Co ciekawe Brytyjczycynie muszą oszukiwać na twardych danych, aby obniżać składki, ale wystarczy, że odpowiednio opisują wykonywany zawód i dzięki temu mogą zaoszczędzić nawet kilkaset funtów. Dla przykładu "fotograf modowy" zapłaci za OC dużo więcej niż "fotograf". Tak na dobrą sprawę można to podpiąć jako oszustwo?

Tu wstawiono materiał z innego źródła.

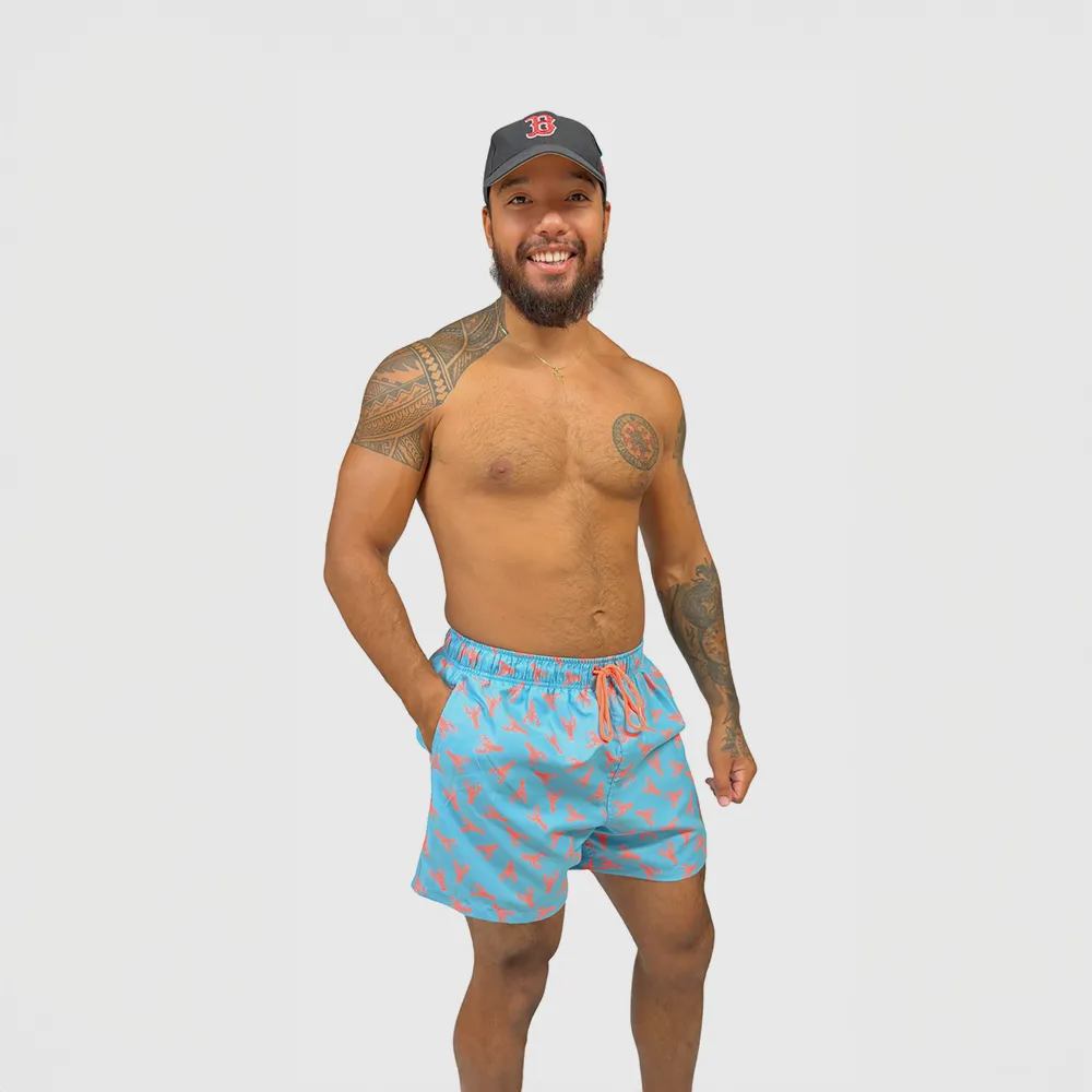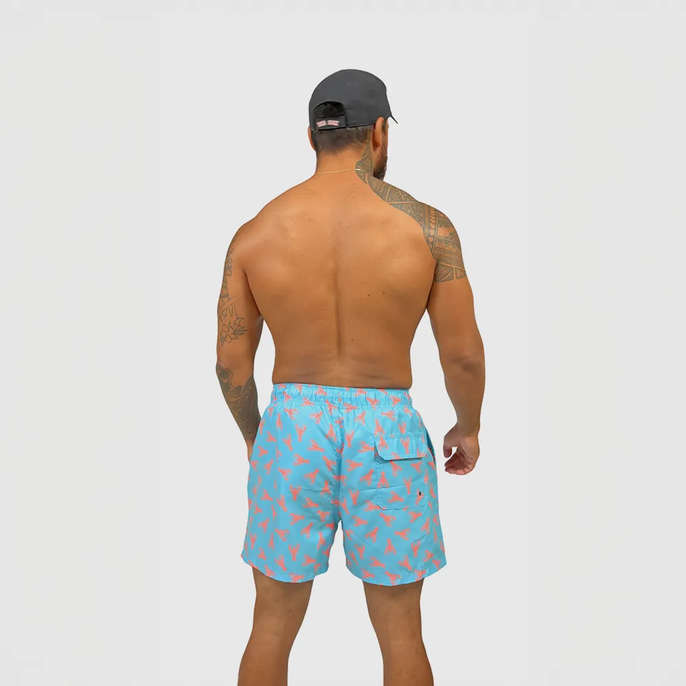 Short de bain homme bleu turquoise avec imprimé homards rouges – maillot de bain homme original été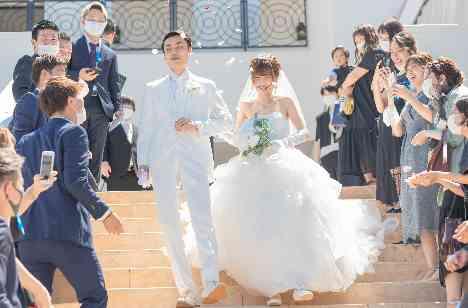 花の香りで周囲を清め、幸せを妬む悪魔からおふたりを守るおまじないの意味合いが込められているフラワーシャワー。リヴァージュブランならではの大階段を使用し、晴天の下で新郎新婦もゲストも笑顔が溢れる素敵な時間となりました。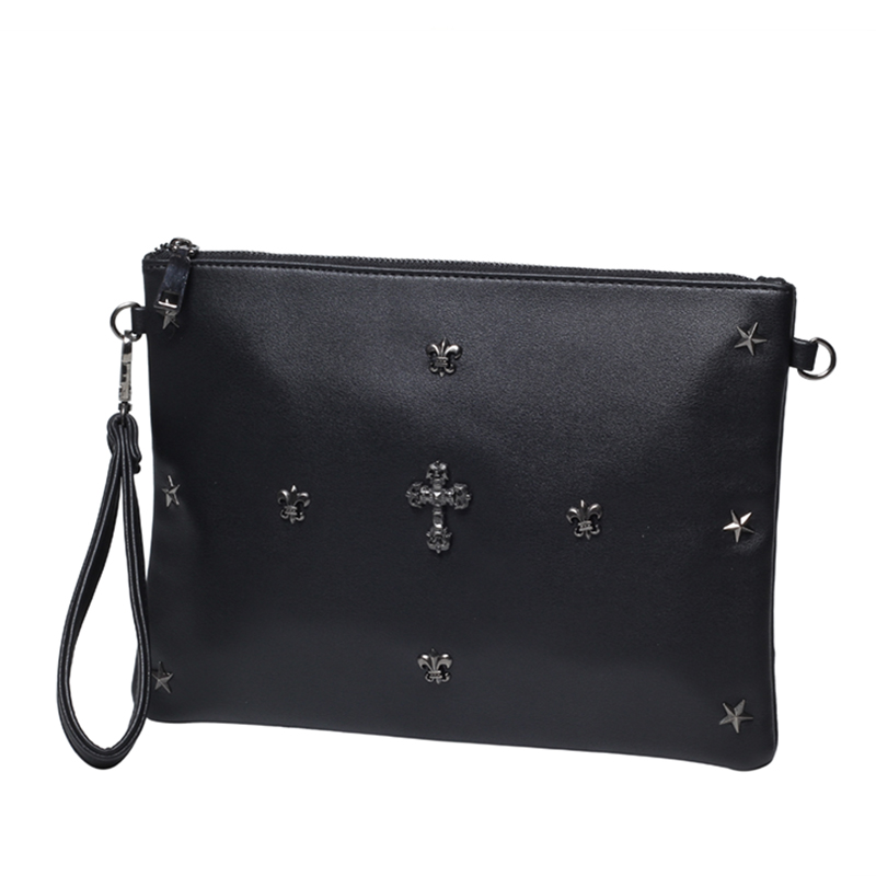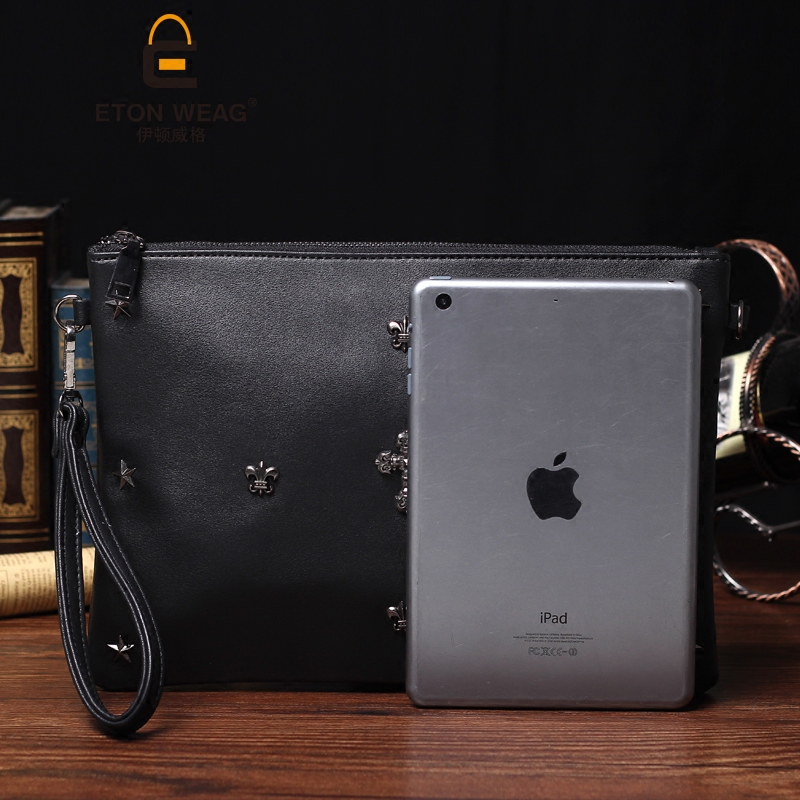 新款韓版男士新款手拿包潮流鉚釘手腕包休閑iPad單肩斜跨包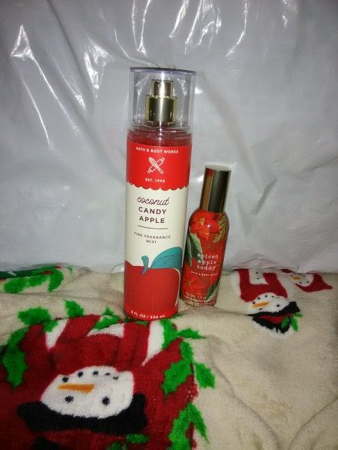 Like new Bath & Body Works fall scent set of a Coconut Candy Apple Fine Fragrance Mist and a Spiced Apple Toddy Room Spray! Both items have been sprayed at least once to try the smell, but are otherwise brand new. The mist is a full-sized, 8 oz product, and so is the room spray, at 1.5 oz. The scent notes are as follows: Coconut Candy Apple: Candied Red Apple, Shredded Coconut, and Vanilla Spice. Spiced Apple Toddy: Warm Apple Brandy, Spiced Plum, Tart Cranberry, and Cinnamon Stick. Comes from a smoke-free home.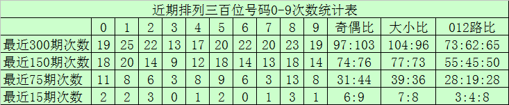 百位分析:最近300期奖号由冷到热表现为:322,0926,4528,6730,2835,140次,奖号奇偶比为146:154,大小比为149151012路比为104:98:98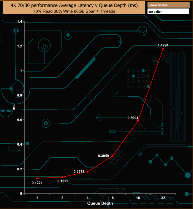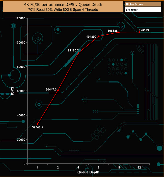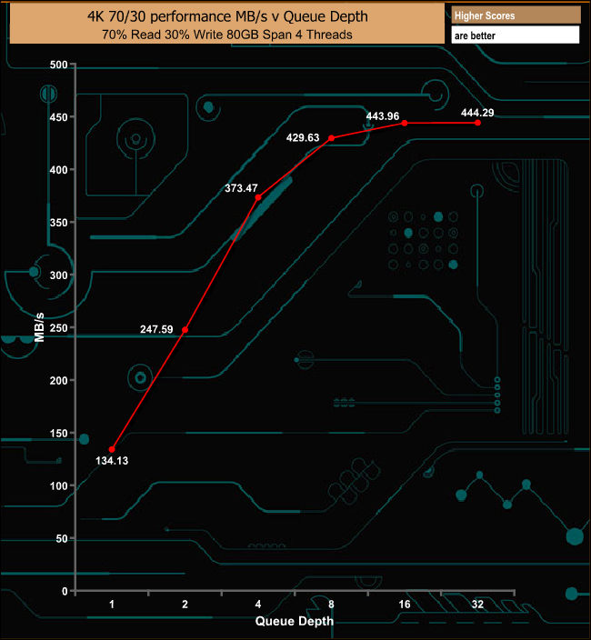 The WD Blue SN550 performs well in the 4K 70/30 mixed read/write test, peaking at 108,470 IOPS (444.29MB/s).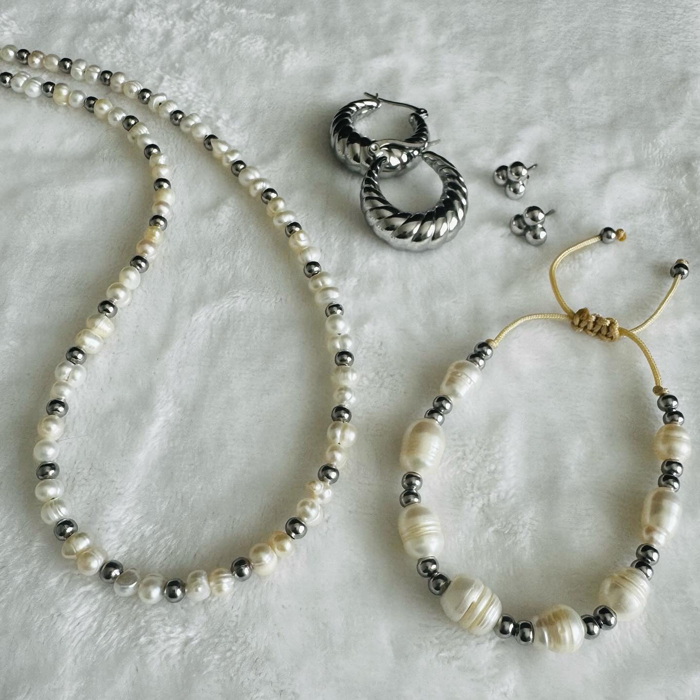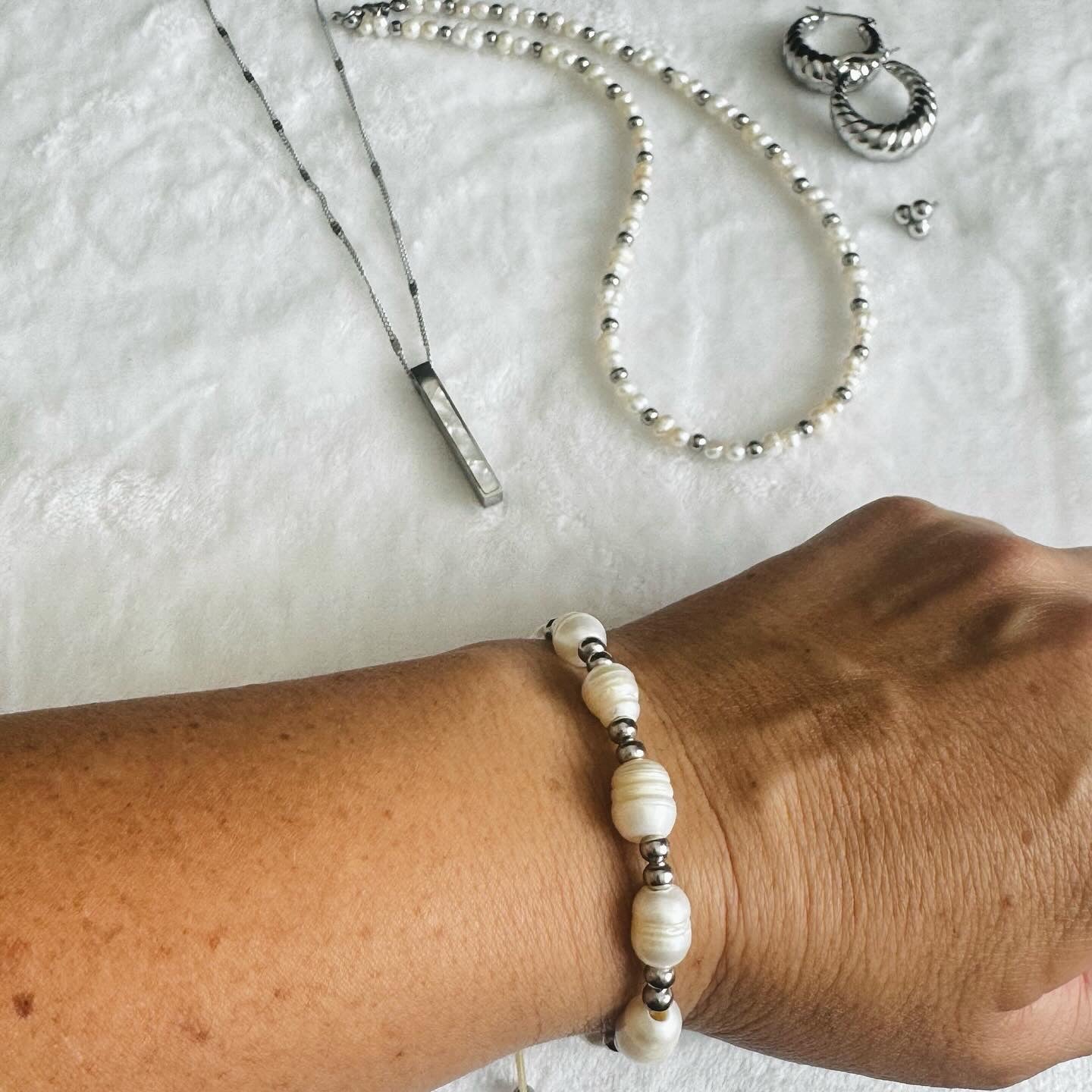 Ajustable bracelet made with fresh water pearls and stainless steel beads. Fits any wrist size.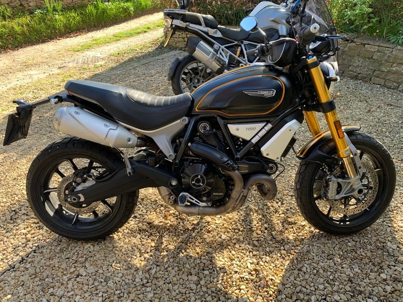 A 2018 Ducati Scrambler 1100 Sport in great condition for year. Mileage presently 17, 300 and may increase marginally as still being used. Full service history mostly with Ducat approved service centre. Recent work includes front fork seals and service, new rear tyre, new rear master brake cylinder.

Niebardzo ;)
Troszkę więcej na ten temat możecie przeczytać w naszym artykule: Brytyjczycy oszukują porównywarki ubezpieczeniowe i płacą mniej za polisy

Z tej okazji od razu taka rozkmina jak to mniej więcej wygląda u nas:

A jak to wygląda w Polsce (a przynajmniej na naszej porównywarce)?
Z naszego doświadczenia wynika, że jest wręcz odwrotnie. Jeśli klient oblicza składki żeby sprawdzić ceny to bardzo często podaje dane totalnie zmyślone (co niestety kończy się tym, że cena podana w wynikach nie ma nic wspólnego z prawdziwą ofertą i stąd także powstaje opinia, że zakup przez internet jest droższy), ale jeśli już decyduje się na zakup to każdy najmniejszy detal musi być idealnie podany i nawet powstają obawy, że w razie wypadku ubezpieczyciel zechce od niego zwrotu wypłaconego odszkodowania jeśli w kalkulacji poda, że w danym roku przejedzie do 5 tys. km, a tak naprawdę zrobi ich 6 tys.
Druga trudna rzecz to wciąż panujący stereotyp, że droższe ubezpieczenie jest lepsze (mówimy o gołym OC).

Tutaj niestety wychodzi ciągle bardzo niska świadomość ubezpieczeniowa Polaków, ale o to nie można mieć pretensji do klienta tylko do całej naszej branży ubezpieczeniowej (finansowej w sumie też) w której zdecydowanie jest za wielu sprzedawców, a zbyt mało doradców.

Zachęcamy do obserwowania naszego taga #mfindmirkom, gdzie wrzucamy różne ciekawostki, rozkminy i staramy się przełożyć ubezpieczenia na język dla ludzi :)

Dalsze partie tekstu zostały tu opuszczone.